Para que tal suceda, também nós havemos de redescobrir e incentivar, na vida própria e
da Igreja de todos, aquilo a que poderemos chamar a “incorporação” de Cristo e a
consequência dela. Compreendamos sempre mais e melhor que a repetida “memória”
que fazemos da Ceia do Senhor se concretiza na permeabilidade crescente que Ele
ganha em nós, para poder prosseguir a sua entrega por todos. Falamos correntemente de
vida “cristã”; mas com mais propriedade falaríamos de vida de Cristo em nós, com geral
proveito e benefício.
Importa aprofundar nas nossas vidas a consciência que Paulo tinha da sua, desde que o
Ressuscitado o agregara à sua Páscoa e à missão evangélica. Consciência manifestada
em frases como esta, aos coríntios: “Trazemos sempre no nosso corpo a morte de Jesus,
para que também a vida de Jesus seja manifestada no nosso corpo” (2 Cor 4, 10). Ou
esta outra, aos gálatas: “Estou crucificado com Cristo. Já não sou eu que vivo, mas é
Cristo que vive em mim. E a vida que agora tenho na carne, vivo-a na fé do Filho de
Deus que me amou e a si mesmo se entregou por mim” (Gl 2, 20). Paulo sabe-se de
Cristo e morada do seu Espírito, em despossessão completa de si próprio. E assim nos
quer a nós: “Não sabeis que o vosso corpo é o templo do Espírito Santo, […] e que vós
já não vos pertenceis? Fostes comprados por um alto preço! Glorificai, pois, a Deus no
vosso corpo” (1 Cor 6, 19-20). E finalmente, na mais alargada das visões: “Sim, Ele
[Deus Pai] tudo submeteu a seus pés [de Cristo] e deu-o, como cabeça que tudo domina,
à Igreja, que é o seu Corpo, a plenitude daquele que tudo preenche em todos” (Ef 1, 2223). Poderíamos porventura dizer que, ainda mais do que O comungarmos a Ele, é
Cristo que nos “comunga” a nós, quando O aceitamos como vida das nossas vidas, para
através de nós se expandir, precisamente como Corpo de Deus no mundo.

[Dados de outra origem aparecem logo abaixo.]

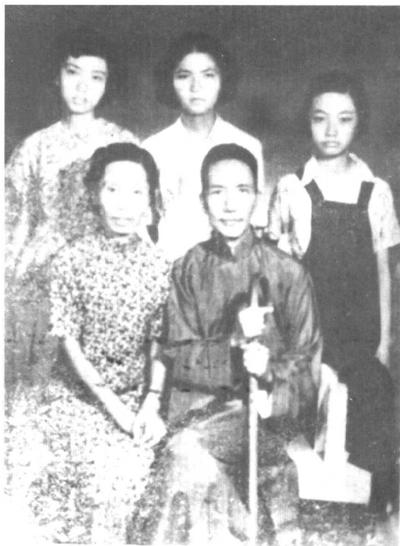
陈寅恪全家1950年夏 于广州合影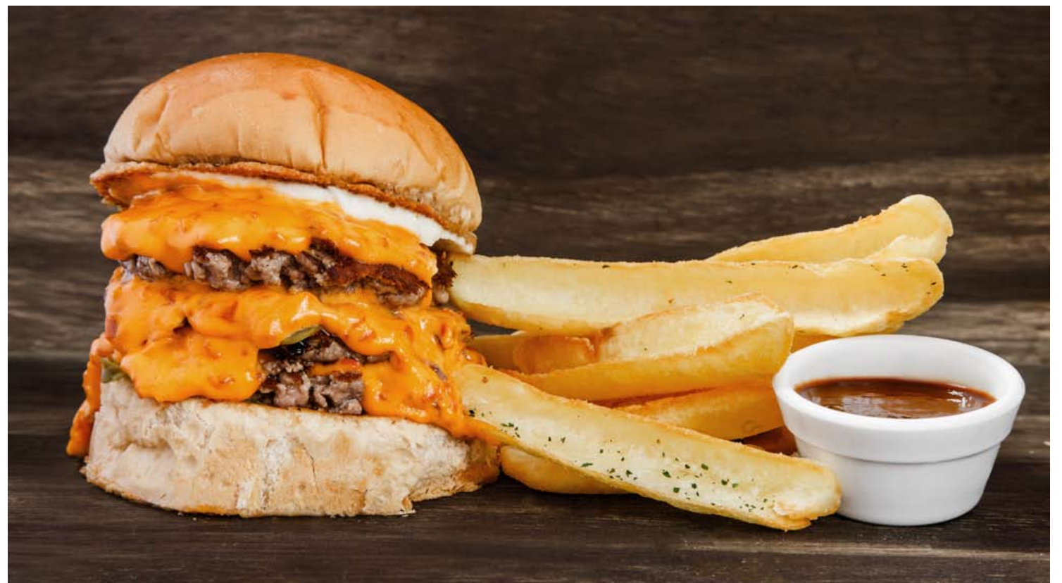
Torre Cheddaroni: três smash burgers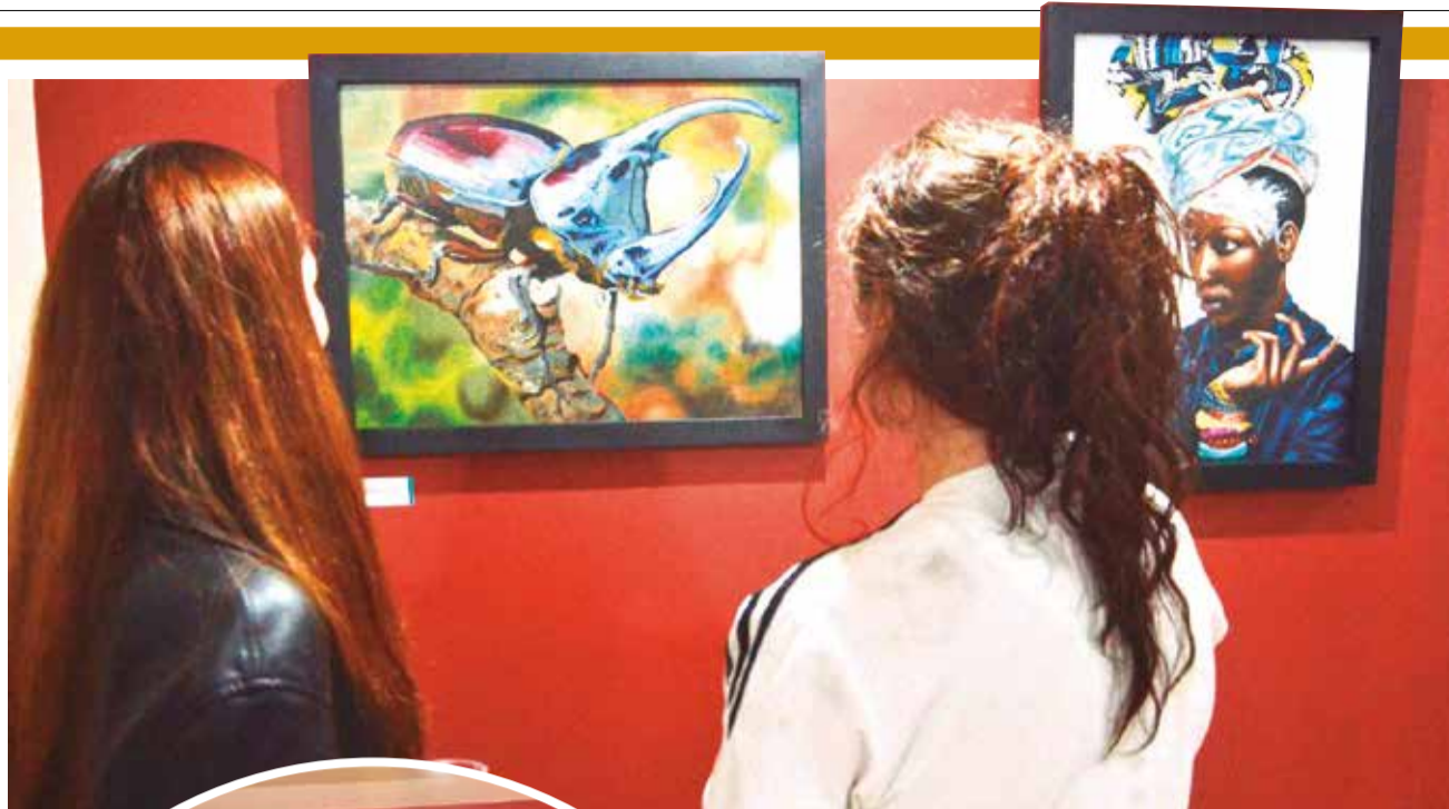
Un par de personas observan los lienzos en la muestra “Encuentros”. HERNÁN ANDÍA

“Esta es la segunda muestra colectiva de alumnos. ‘Encon-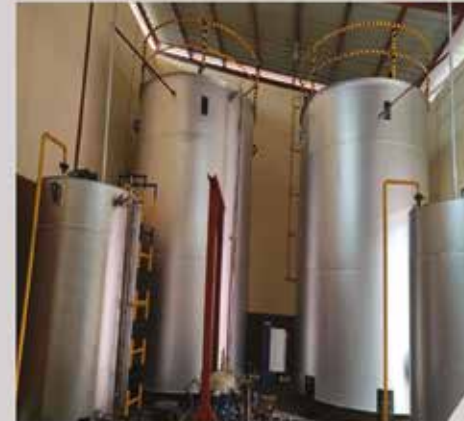
Cuve de Gasoil - TOPAZ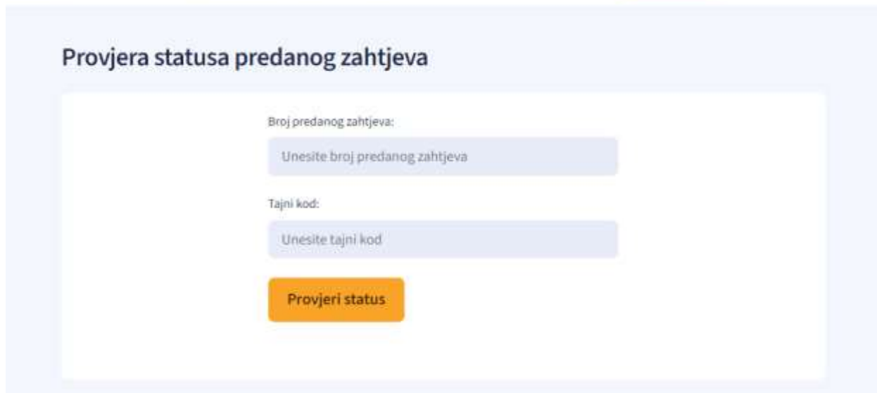
Slika 11. - Ekran za provjeru statusa

Nakon upisivanja ispravne kombinacije broja predanog zahtjeva i tajnog koda, korisnik odabire gumb Provjeri status , nakon čega se prikazuje trenutni status zahtjeva koji može biti jedan od sljedećih: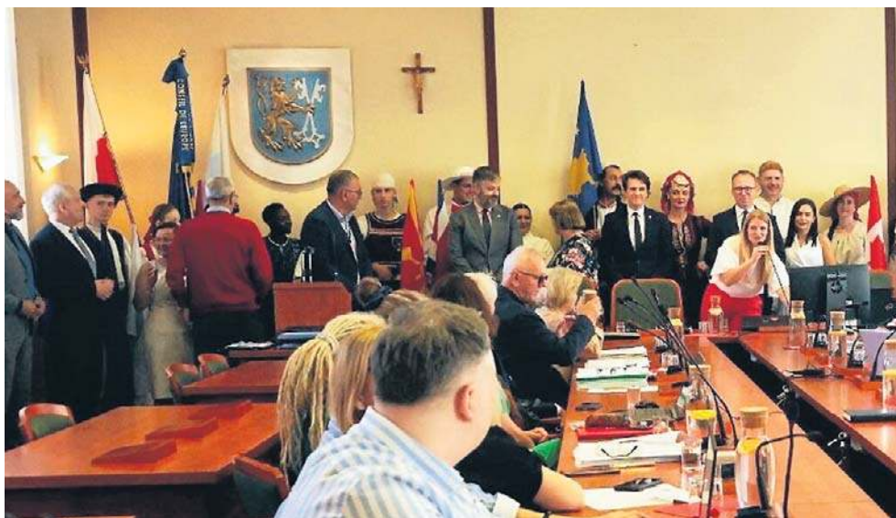
Przed remontem sali sesyjnej obok godła miasta wisiał krzyż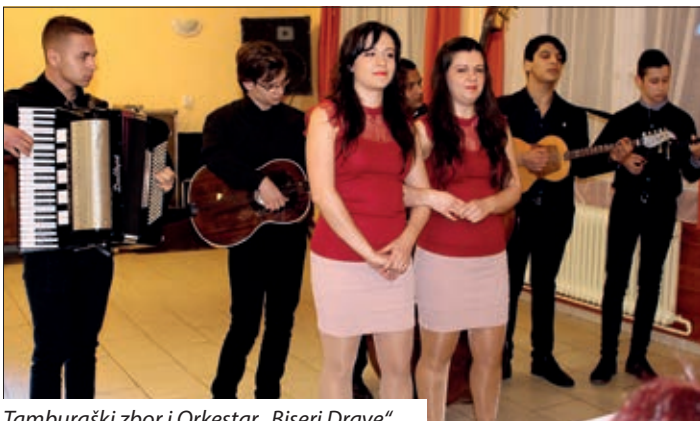
Tamburaški zbor i Orkestar „Biseri Drave“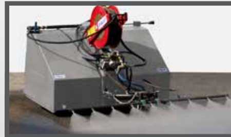
NL STRAATREINIGINGS UNIT EN STREET WASHING UNIT DU STRASSENREINIGUNGSANLAGE FR UNITÉ DE LAVAGE DE LA VOIRIE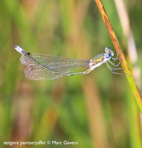
tengere pantserjuffer

waarneming van een soort op een bepaalde dag op een bepaalde plaats door een waarnemer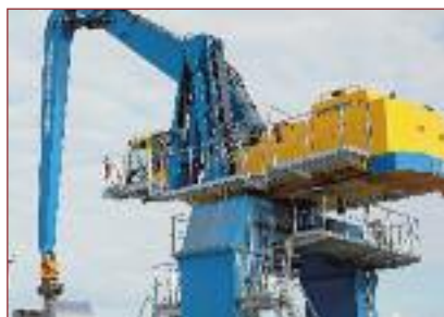
13 | Ein Hydraulik-Portalkran mit Raupenfahrwerk als neue Krantechnik im Südhafen.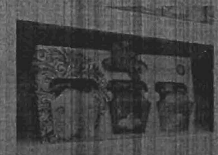
กรมการข้าว

เปิดตัว "แผนประชาธิปไตย" ศูนย์ข่าวประชาธิปไตย (DICE) ในเดือนมีนาคมปีหน้า ๒๕๖๐ เพื่อติดตาม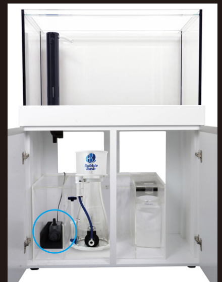
設置例 (ORCA-T90、サブSPに設置)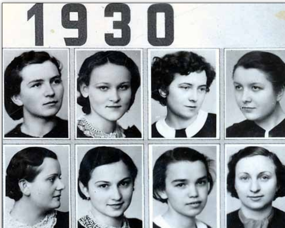
Výřez z maturitního tabla abiturientů tišnovského gymnázia z roku 1938, B. Č. třetí zleva

Přesné jméno protagonistky příběhu není uvedeno záměrně (pozn. aut.).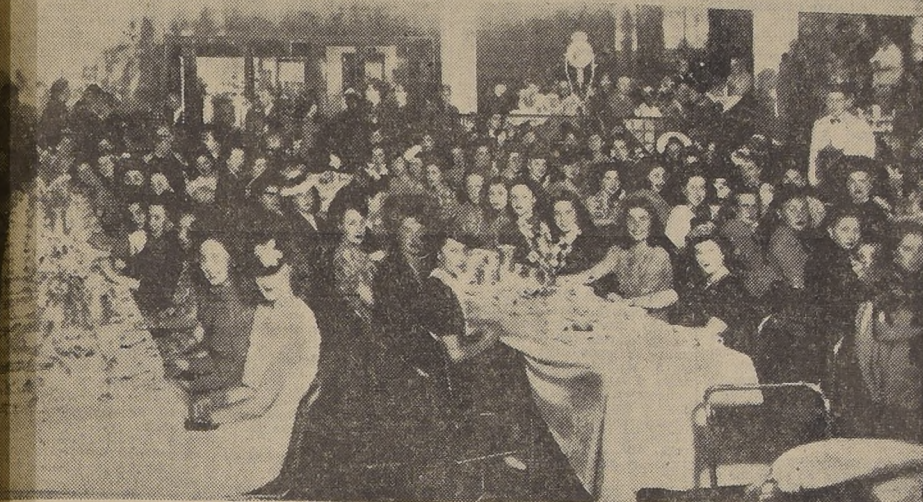
Profesoras y alumnas del Liceo N.º 1 se reúnen después de su día de placer al sur. — Para celebrar su feliz viaje, se sirvió un té en los salones de la Confitería LUCERNA.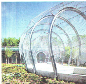
25 Forens. Sicherheitsstationen, Rheinau

--> Auftraggeber: Bildungsdirektion, ZH --> Architektur: Leuppi & Schafroth Architekten, Zürich --> Baukosten (BKP 1-9): CHF 5,58 Mio. --> Ausführung: 2004-2005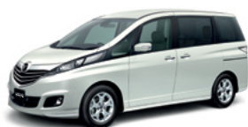
Crystal White Pearl Mica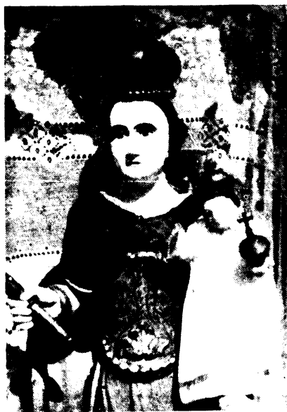
A gyöngyöspüspöki Hordozható Mária.

Ép lorétói vonatkozásából érthetjük, hogy kegyzoborrá magasztosult népünk áhitatában. Már a díszítése, ékszerekkel való felruházása, az imádkozás számlójánál erre a megkülönböztetett szerepére utal. Tisztelete azonban kizárólag a népnél van. Amíg az előkelő földesúr a maga kedvelt templomi Mária-szobrot, esetleg családi sirboltjának szobrát, képét gazdagon ékesítette, szinte kizárólag magának foglalta le, addig a nép utánczó lelkülete megteremtette a hordozható Máriában a maga védőasszonyának tiszteletét.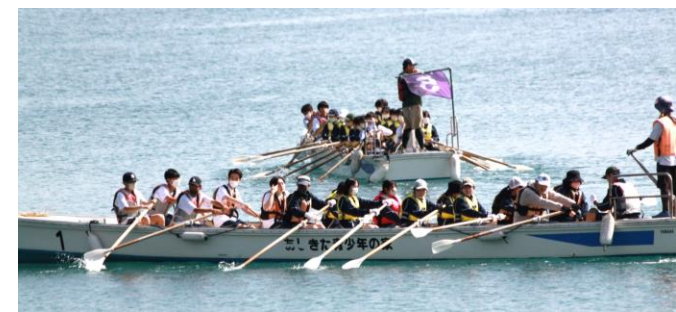
マリン活動/あしきた宿泊研修

和敬 1年生宿泊研修 英知 慶誠イブズム浸透 4月13日～15日に熊本県立あしきた青少年の家で1年生の宿泊研修が行われました。1泊2日で2班に分かれての実施でした。1班は、1・2・4・5組、2班は、3・6・7・8組でした。

Por isso mesmo a Missa se prolonga em missão, porque, uma vez oferecida a Deus, é
logo remetida ao mundo, como expressão constante dum amor que nos cria e recria em
Cristo. Daí também que quem recebe e comunga dignamente a Cristo, lhe prolonga
necessariamente a atitude, como o lava-pés que a seguir repetiremos, sinalizando mil
gestos da caridade de Cristo, em nós e através de nós, para chegar a todos,
especialmente aos pés mais cansados e às vidas mais sofridas. Daí que o Evangelho
escutado concluísse com uma grande exigência: “Compreendeis o que vos fiz? Vós
chamais-me Mestre e Senhor, e dizeis bem, porque o sou. Se Eu, que sou Mestre e
Senhor, vos lavei os pés, também vós deveis lavar os pés uns aos outros. Dei-vos o
exemplo, para que, assim como Eu vos fiz, vós façais também”.
Recolhamos então a oferta de Cristo, Recolhamo-la com inteira devoção e urgência
máxima. A memória viva do que fez por nós continua no que agora quer oferecer a
todos. E através de nós, indispensavelmente.